» Collection entries:
+-------+
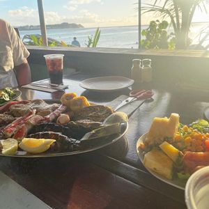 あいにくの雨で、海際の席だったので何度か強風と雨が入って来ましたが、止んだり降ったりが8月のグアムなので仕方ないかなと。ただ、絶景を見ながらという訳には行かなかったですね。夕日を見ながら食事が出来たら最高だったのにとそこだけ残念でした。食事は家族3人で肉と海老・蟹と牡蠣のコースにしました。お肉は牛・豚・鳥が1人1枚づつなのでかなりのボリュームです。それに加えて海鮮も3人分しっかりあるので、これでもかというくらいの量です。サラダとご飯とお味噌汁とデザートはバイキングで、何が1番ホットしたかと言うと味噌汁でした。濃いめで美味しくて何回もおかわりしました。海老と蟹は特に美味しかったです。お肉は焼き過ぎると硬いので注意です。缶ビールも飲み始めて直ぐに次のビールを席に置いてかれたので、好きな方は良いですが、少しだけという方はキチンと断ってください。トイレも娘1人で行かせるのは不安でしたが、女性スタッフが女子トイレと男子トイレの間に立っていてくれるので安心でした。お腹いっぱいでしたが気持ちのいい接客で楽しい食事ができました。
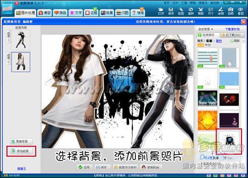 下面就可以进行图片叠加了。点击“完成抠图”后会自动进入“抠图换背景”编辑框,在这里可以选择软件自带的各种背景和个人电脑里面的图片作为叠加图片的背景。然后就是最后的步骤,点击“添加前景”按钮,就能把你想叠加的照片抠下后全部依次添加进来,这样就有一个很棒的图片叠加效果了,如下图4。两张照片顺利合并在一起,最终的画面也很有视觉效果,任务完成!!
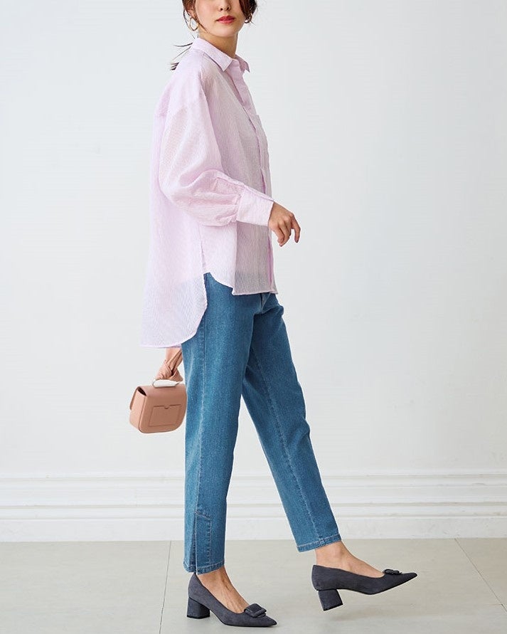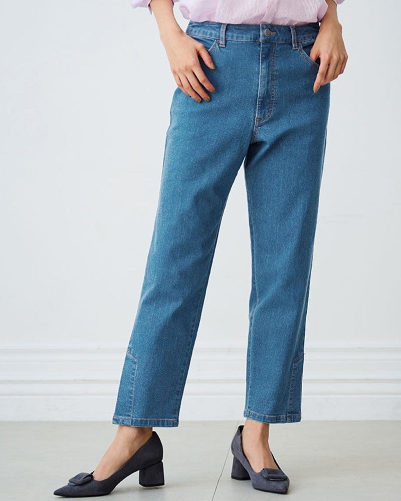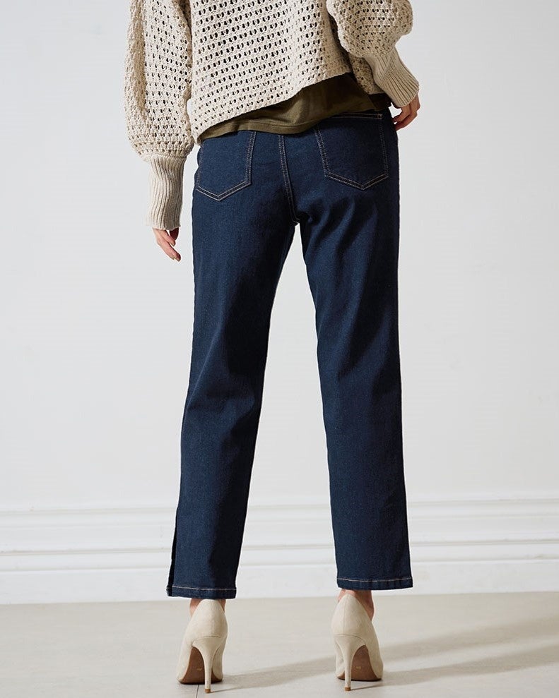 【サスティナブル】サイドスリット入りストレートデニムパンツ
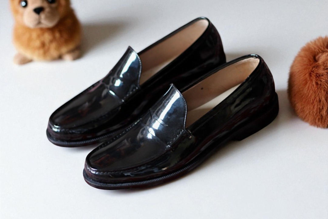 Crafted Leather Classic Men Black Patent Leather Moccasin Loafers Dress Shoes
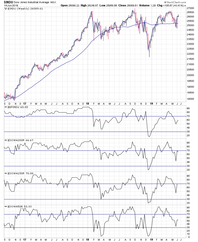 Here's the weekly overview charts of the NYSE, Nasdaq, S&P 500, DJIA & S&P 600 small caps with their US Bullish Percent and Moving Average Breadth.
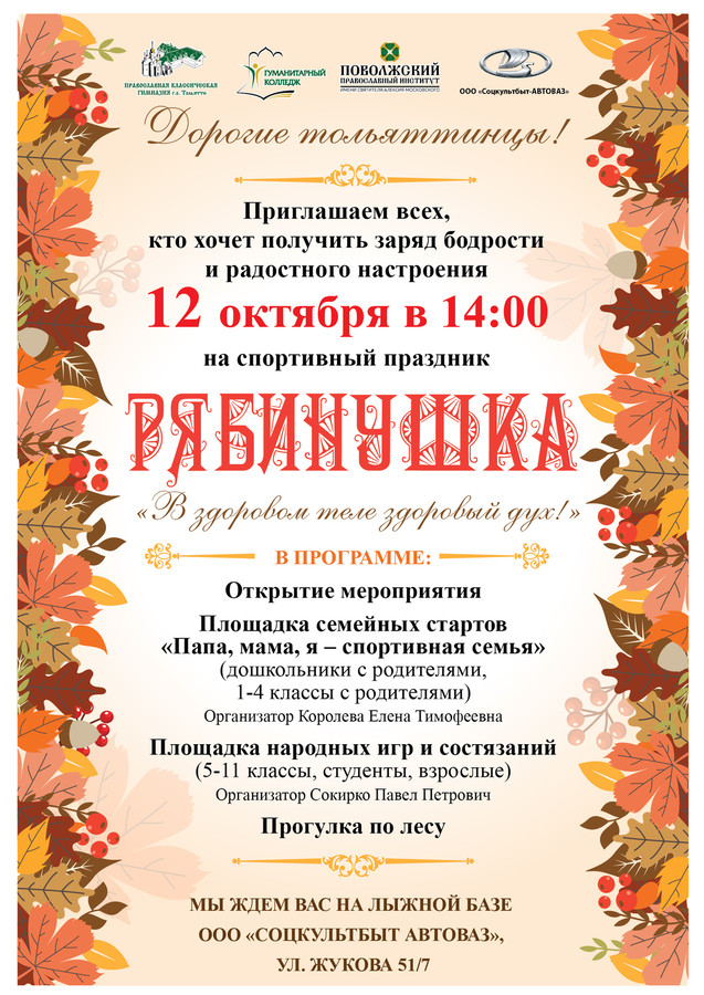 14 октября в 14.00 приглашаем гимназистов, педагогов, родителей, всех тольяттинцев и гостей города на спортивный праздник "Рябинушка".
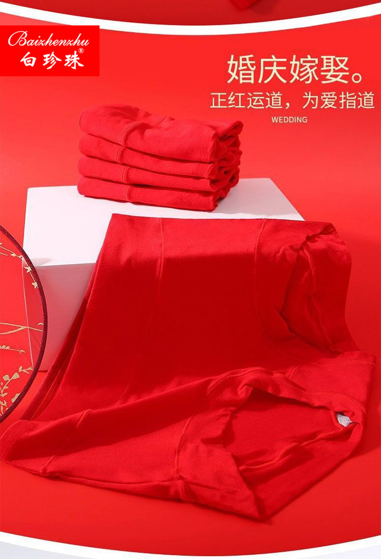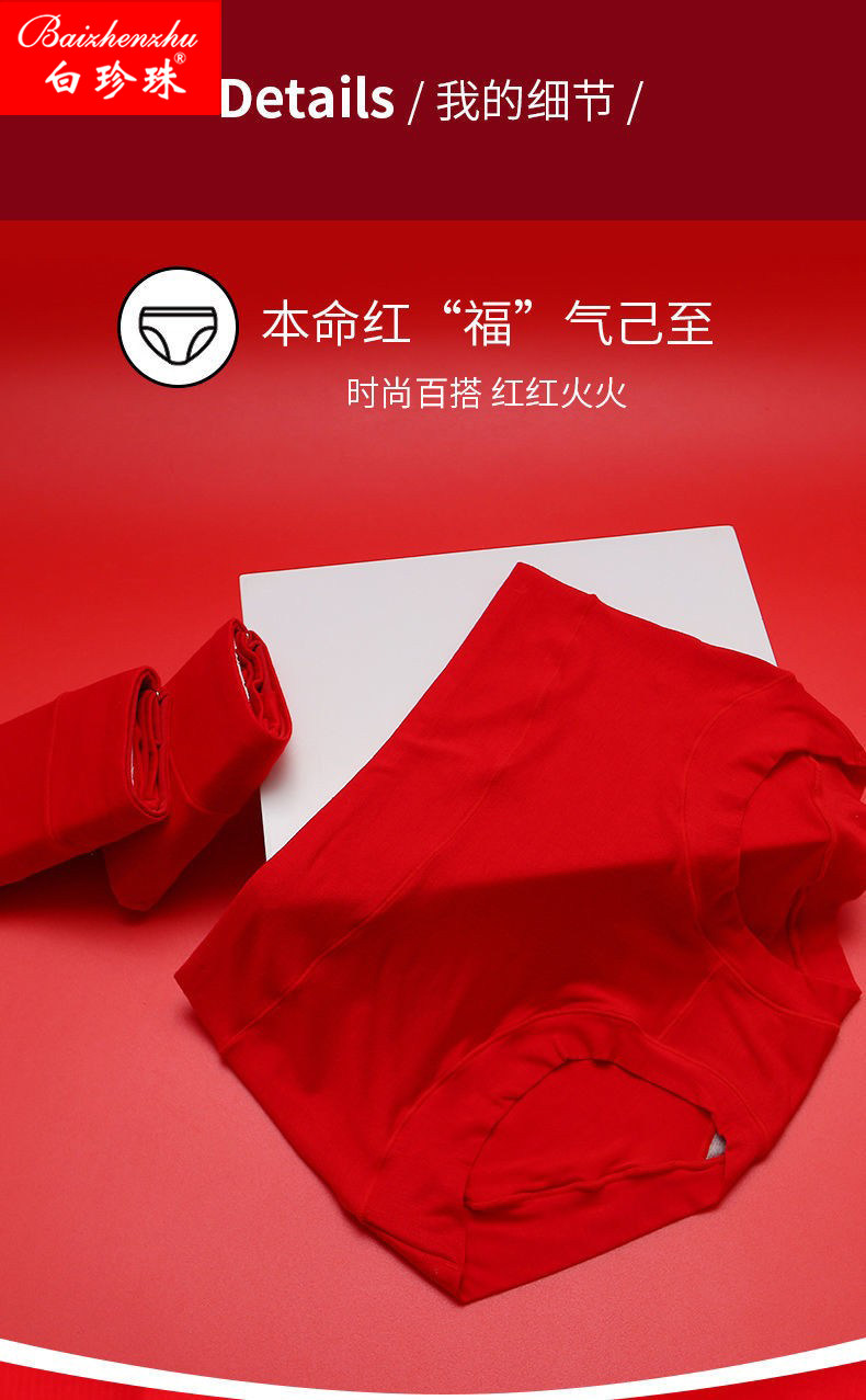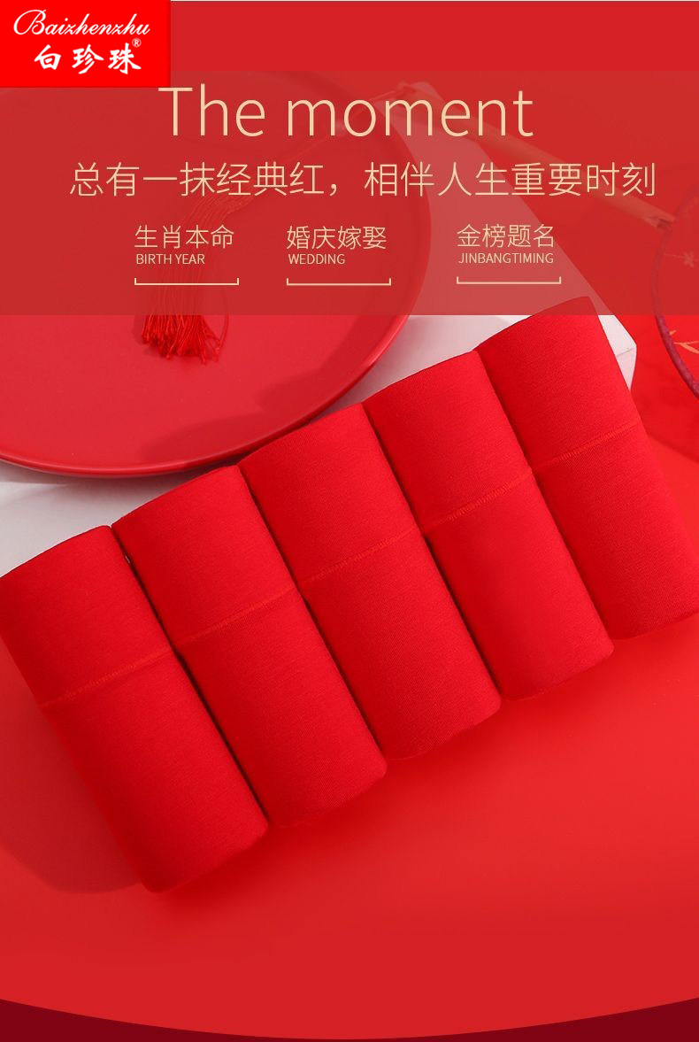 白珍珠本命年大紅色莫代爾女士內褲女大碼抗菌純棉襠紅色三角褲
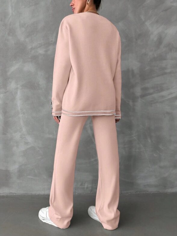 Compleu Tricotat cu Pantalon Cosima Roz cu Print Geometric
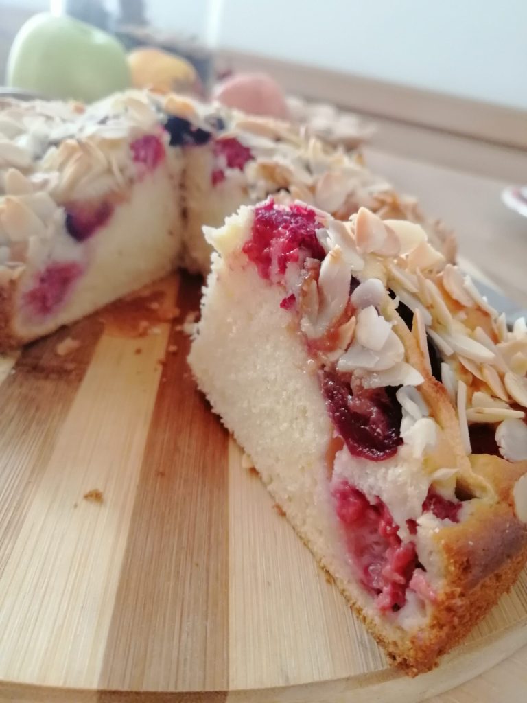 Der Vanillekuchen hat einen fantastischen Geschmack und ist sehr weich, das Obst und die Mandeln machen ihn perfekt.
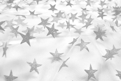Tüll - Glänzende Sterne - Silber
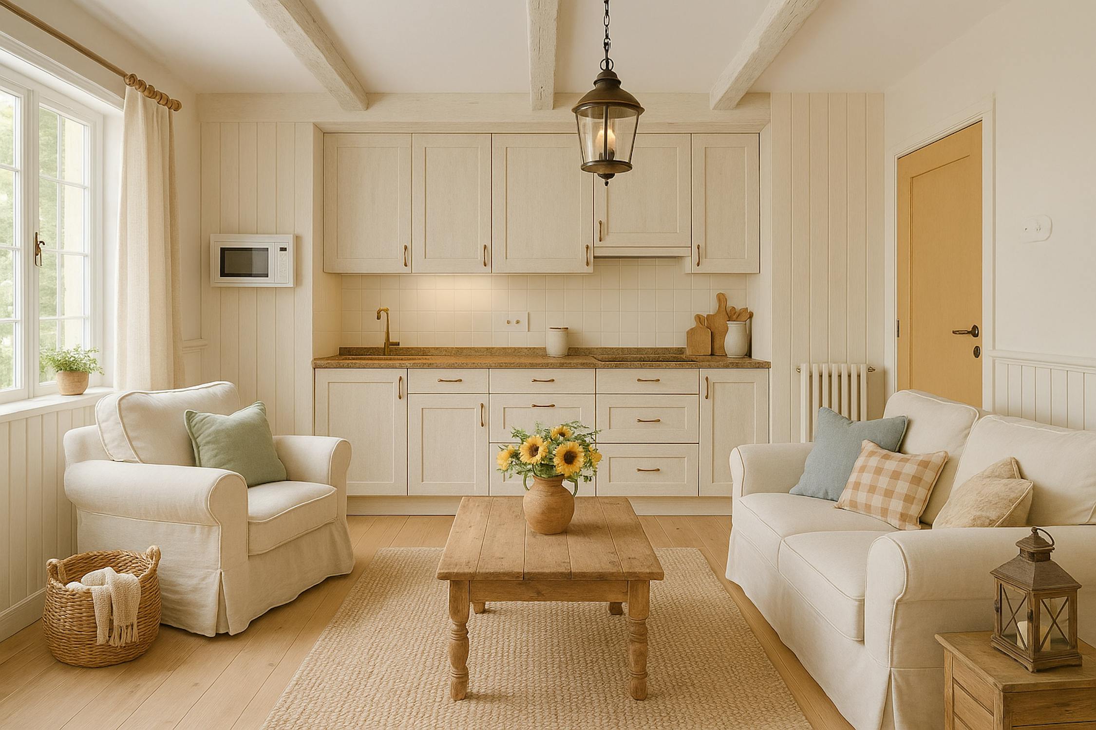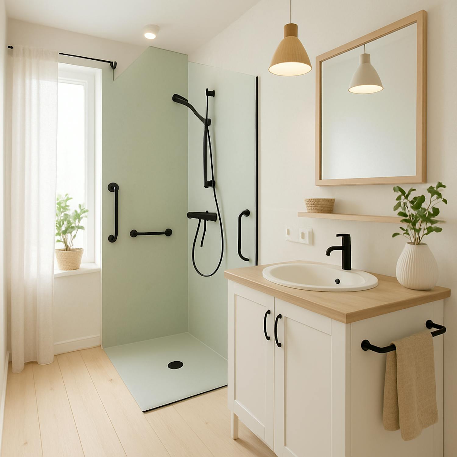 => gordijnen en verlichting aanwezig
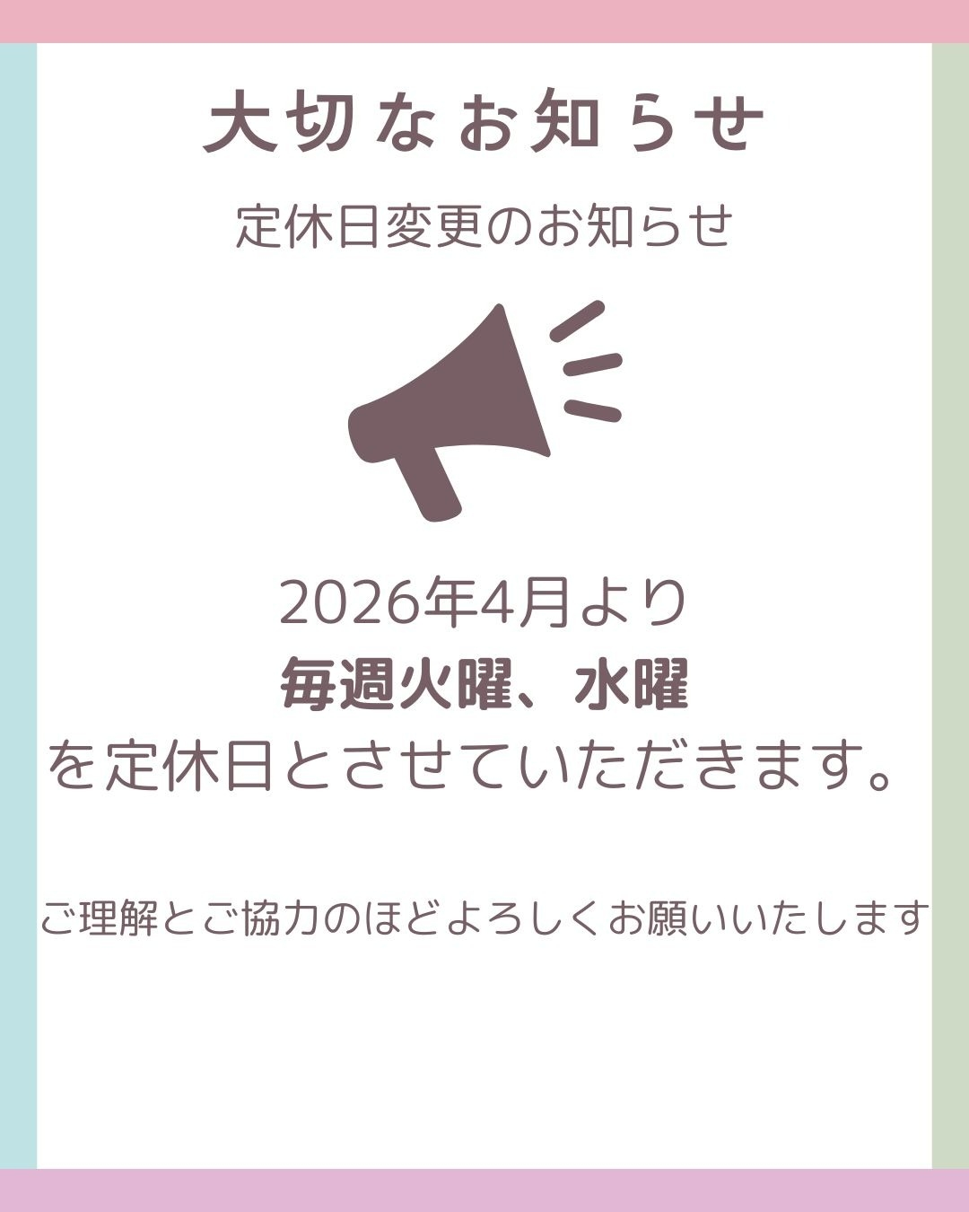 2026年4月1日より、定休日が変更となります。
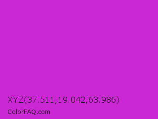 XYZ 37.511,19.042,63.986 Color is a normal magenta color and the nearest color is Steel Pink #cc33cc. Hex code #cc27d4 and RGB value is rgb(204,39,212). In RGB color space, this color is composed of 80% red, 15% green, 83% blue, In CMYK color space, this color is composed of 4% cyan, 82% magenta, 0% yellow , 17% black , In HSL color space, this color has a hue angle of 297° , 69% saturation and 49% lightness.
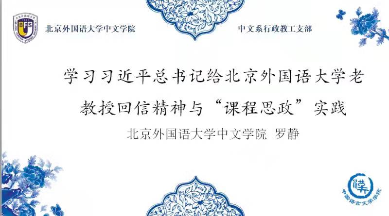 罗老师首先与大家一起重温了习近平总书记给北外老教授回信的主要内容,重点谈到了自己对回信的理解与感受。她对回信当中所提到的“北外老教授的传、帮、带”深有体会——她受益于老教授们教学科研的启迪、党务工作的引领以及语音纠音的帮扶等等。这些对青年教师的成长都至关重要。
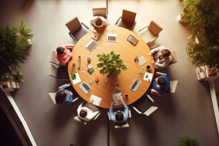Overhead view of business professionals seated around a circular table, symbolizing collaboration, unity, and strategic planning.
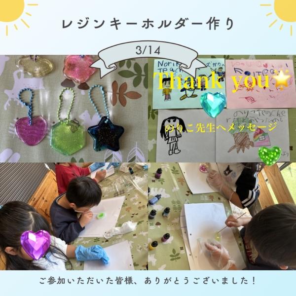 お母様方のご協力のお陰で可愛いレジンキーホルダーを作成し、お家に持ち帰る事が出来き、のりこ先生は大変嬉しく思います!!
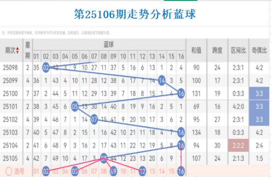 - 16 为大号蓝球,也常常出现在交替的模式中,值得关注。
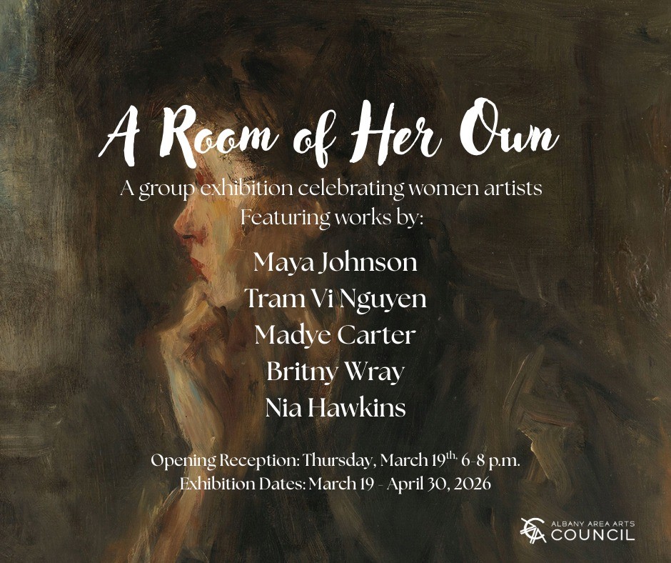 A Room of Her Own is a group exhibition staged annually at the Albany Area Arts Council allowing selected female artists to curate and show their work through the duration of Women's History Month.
+-------+
» TASK TO CARRY OUT: Copy the lines above exactly, starting at the one with "Compleu Tricotat cu" and ending at the one with "2026年4月1日より、定休日が変更となります。", both included. Leave out any pictures and add nothing else.

» EXERCISE OUTPUT:
 Compleu Tricotat cu Pantalon Cosima Roz cu Print Geometric
 Der Vanillekuchen hat einen fantastischen Geschmack und ist sehr weich, das Obst und die Mandeln machen ihn perfekt.
Tüll - Glänzende Sterne - Silber
 => gordijnen en verlichting aanwezig
 2026年4月1日より、定休日が変更となります。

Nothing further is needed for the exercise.